Хочет ли он придать себе весу, или он смиренно раздавлен ангельской чистотой
куколки, которую держит за руку? Не знаю, но  рассказать надо  все.  Прошлые
увлечения. Бесплодная, позорная жизнь в  Праге, девки, официантки  и  прочие
эпизоды. Куколка  - ни гугу, только руку свою вырвала и сидит - замерла; бог
весть какое  смятение чувств осаждает ее. Ну вот и  все, -  душа моя  теперь
чиста, искуплена; что же скажете вы мне, чистейшая девочка, что ответите? Не
сказала ничего, лишь порывисто, судорожно, как от сильной боли, стиснула мне
руку - и  убежала. На  другой день - нет как нет  куколки  за петуниями. Все
кончено;  я -  грязная, грубая свинья. И  снова  такая же  черная  ночь,  на
скамеечке  под  жасминами  белеет  что-то - куколка там;  молодой  человек в
высокой фуражке не осмеливается подсесть к ней, просительно что-то бормочет,
она  отвернулась - наверное, глаза у  нее заплаканы -  и  освобождает  место
рядом. Рука ее как мертвая;  ни словечка  из куколки не  вытянешь,- господи,
что ж теперь делать? Ради бога, умоляю, забудьте, что я  вам  вчера говорил!

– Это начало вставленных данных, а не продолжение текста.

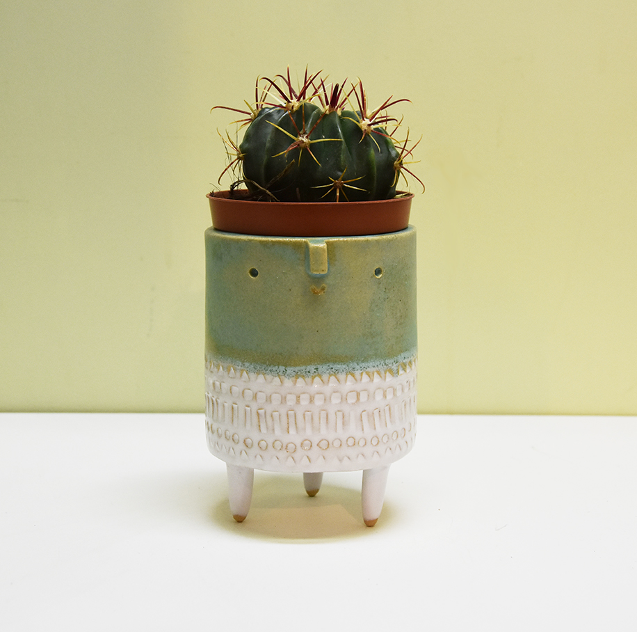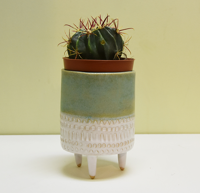 Glazed with Matt Green/ Turquoise glaze and a shiny white glaze with geometric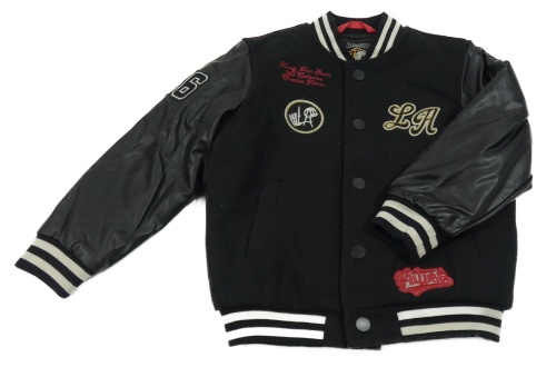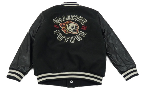 Čierna flaušová baseballová zateplená bunda s koženkovymi rukávy a nápisom Next

Она резко повернулась ко мне, мы стукнулись лбами (как  в тот раз та девочка
с  испуганными глазами!),  но я все же  нашел ее судорожно  стиснутые  губы.
Кто-то идет  по  перрону,  но теперь уже  все равно; куколка берет мою руку,
кладет ее  к  себе на маленькую, мягкую  грудь,  прижимает ее чуть ли  не  с
отчаянием - вот я,  вот, и если нельзя без этого - пусть! Нет других женщин,
есть только я; а я не хочу, чтоб ты мог думать о других. Я был  вне себя  от
раскаяния и  любви.  Сохрани бог,  куколка, не приму я такой жертвы; и вовсе
это  не   обязательно,  с  меня  достаточно  целовать   заплаканные  глазки,
размазывая  слезы,  и  быть  глубоко,  торжественно   растроганным.  Куколка
безмерно тронута этим рыцарским  благородством, она  так благодарна за  это,
так  благодарна,  что  из одной  восторженной благодарности  и  доверчивости
готова была бы отдать и еще большее. Господи, дальше-то  уж некуда; она тоже
понимает это, но в ней прочнее внедрены правила жизни. И она  умненько берет
меня за руку и спрашивает: "Когда мы поженимся?"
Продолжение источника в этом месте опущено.